Okay, let’s do it together
We begin simple…
Unfortunately, a simple scatter plot makes it hard to detect any relationship. However, ggplot2 makes it easy to add different colors and shapes which might help identify trends.
It seems like the higher the GDP the more democratic countries are, except if you are a high oil producer or a non-OECD. Let’s explore these relationships using a regression.
model1 <- lm(polity ~ oil, data = rossdata_short)
summary(model1)
Let’s now include controls for GDP per capita and OECD membership
model2<-lm(polity ~ gdp + oil + oecd, data = rossdata_short)
summary(model2)
Recall the OECD membership clustering? Let’s try an interaction
model3 <- lm(polity ~ gdp + oil*oecd, data = rossdata_short)
summary(model3)
broom has three main functions, all of which return data frames (not lists, numeric vectors, or other types of object). glance returns a data frame with a single row summary of the model:
glance(model2)
tidy returns a data frame with a row for each coefficient estimate:
tidy(model2)
augment returns the original data frame used in the model with additional columns for fitted values, the standard errors of those fitted values, residuals, etc.
head(augment(model2))
How about a coefficient plot, roppeladder… etc.
ggplot(tidy(model2) %>% filter(term != "(Intercept)"),
aes(x = term, y = estimate,
ymin = estimate - 2 * std.error,
ymax = estimate + 2 * std.error)) +
geom_pointrange() +
coord_flip()
We can also use coefplot
coefplot(model2, coefficients = c("oecd", "oil", "gdp"))
Several packages (stargazer, texreg, apsrtable) are useful for creating publication type regression tables. stargazer and texreg are the most complete package. Both allow output to either LaTeX or HTML tables for many types of statistical models. We’ll use stargazer here:
library(stargazer)
stargazer(model1, model2, model3, type = "html")
We are going to use predict to get predicted values.
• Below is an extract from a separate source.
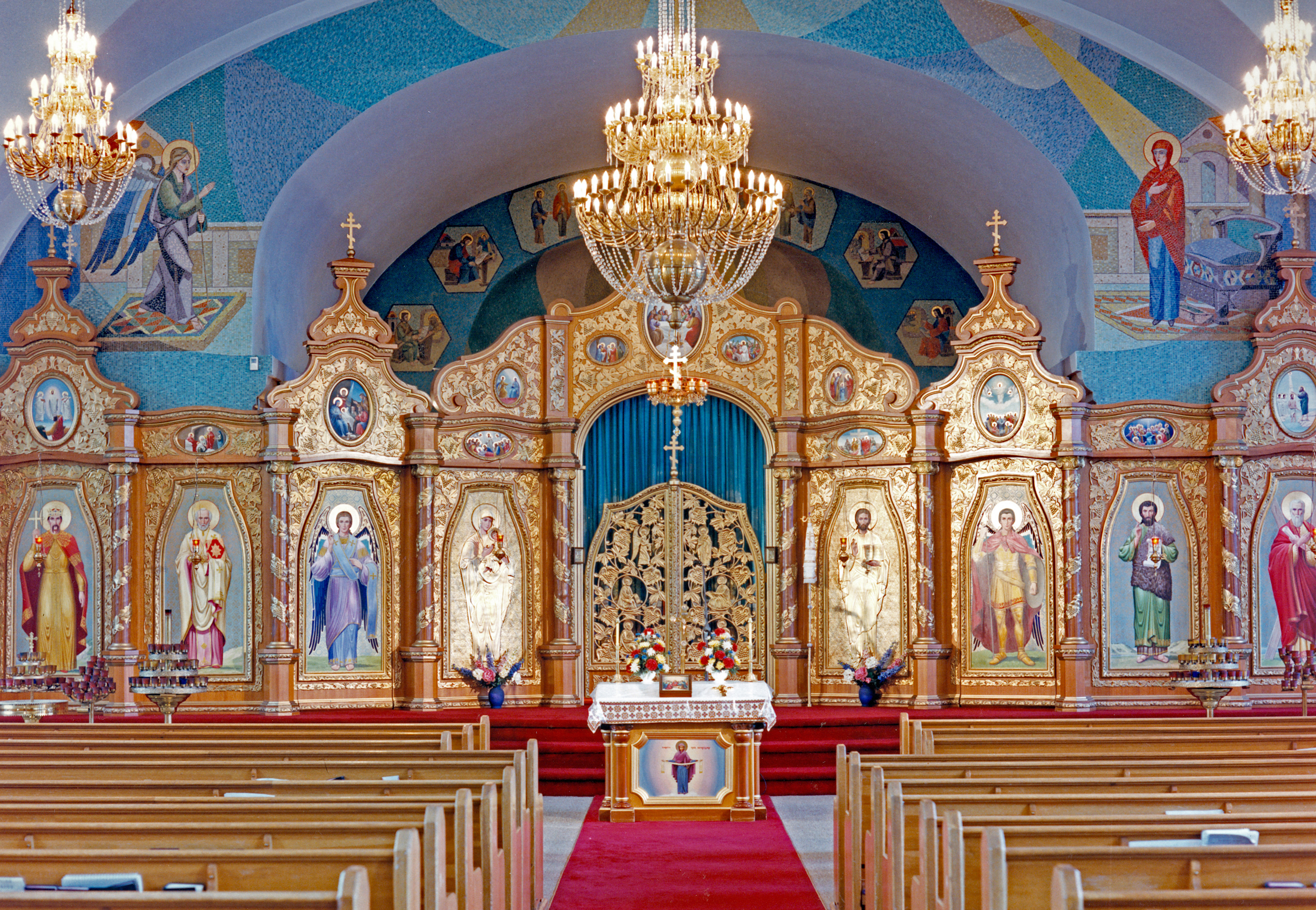 The iconostas of St. John the Baptist Ukrainian Orthodox Cathedral, Edmonton, AB. Photo by S. Demchinsky (1998).

We first have to set up a newdata
xnew <- data.frame(
gdp = 5.9, oil = 0, oecd = 1)
predict(model2, newdata = xnew, interval = "confidence")
xnew2 <- data.frame(gdp = 5.9, oil = 0, oecd = 0)
predict(model2, newdata = xnew2, interval = "confidence")
What is this really doing?
model2
names(model2)
pe2<-model2$coefficients
pe2
1*pe2[1] + 5.9*pe2[2] + 0*pe2[3] + 1*pe2[4]
1*pe2[1] + 5.9*pe2[2] + 0*pe2[3] + 0*pe2[4]
We can create a matrix of hypothetical data to obtain predictions for a range of values:
xnew <- expand.grid(gdp = seq(4,11),
oil = 0,
oecd = 1)
xnew <- expand.grid(gdp = seq(4,11),
oil = mean(rossdata_short$oil),
oecd = mean(rossdata_short$oecd))
Now we feed this new data into predict
pred.res <- predict(model2, newdata = xnew, interval="confidence")
To plot these predicted values we have to create a data frame containing both the predicted values generated by predict and the data used to generate those values
mod2_pred_df <- cbind(xnew, pred.res)
mod2_pred_df
We now have a data-frame that can easily be taken by ggplot
ggplot(mod2_pred_df, aes(x = gdp, y = fit,
ymin = lwr, ymax = upr)) +
geom_line() +
geom_ribbon(alpha = 0.2)+
labs(y = "Democracy", x = "GDP")+
theme_bw()
What about oil?
xnew <- expand.grid(gdp = mean(rossdata_short$gdp),
oil = seq(0,11),
oecd = mean(rossdata_short$oecd))
pred.res <- predict(model2, newdata = xnew, interval = "confidence")
mod2_pred_df <- cbind(xnew, pred.res)
ggplot(mod2_pred_df, aes(x = oil, y = fit,
ymin = lwr, ymax = upr)) +
geom_line() +
geom_ribbon(alpha = 0.2)+
labs(y = "Democracy", x = "Oil")+
theme_bw()
Let’s get predictions from the model with the interaction.
summary(model3)
xnew <- expand.grid(gdp = mean(rossdata_short$gdp),
oil = seq(0,11),
oecd = c(0,1))
pred.res <- predict(model3, newdata=xnew, interval="confidence")
mod3_pred_df <- cbind(xnew, pred.res)
Now we can ggplot it
ggplot(mod3_pred_df, aes(x = oil , y = fit,
ymin = lwr, ymax = upr,
color = factor(oecd),
fill = factor(oecd))) +
geom_line() +
geom_ribbon( alpha = 0.7) +
labs(title = "Predicted Democracy by GDP and OECD membership",
y = "Predicted Value of Democracy",
x = "Oil") +
scale_fill_discrete(name = "OECD",
labels = c("Non Member","Member")) +
scale_color_discrete(name = "OECD",
labels = c("Non Member","Member")) +
theme_bw()
Science should be open! Here at Cornell and everywhere, this lab is released under a Creative Commons Attribution-ShareAlike 3.0 Unported.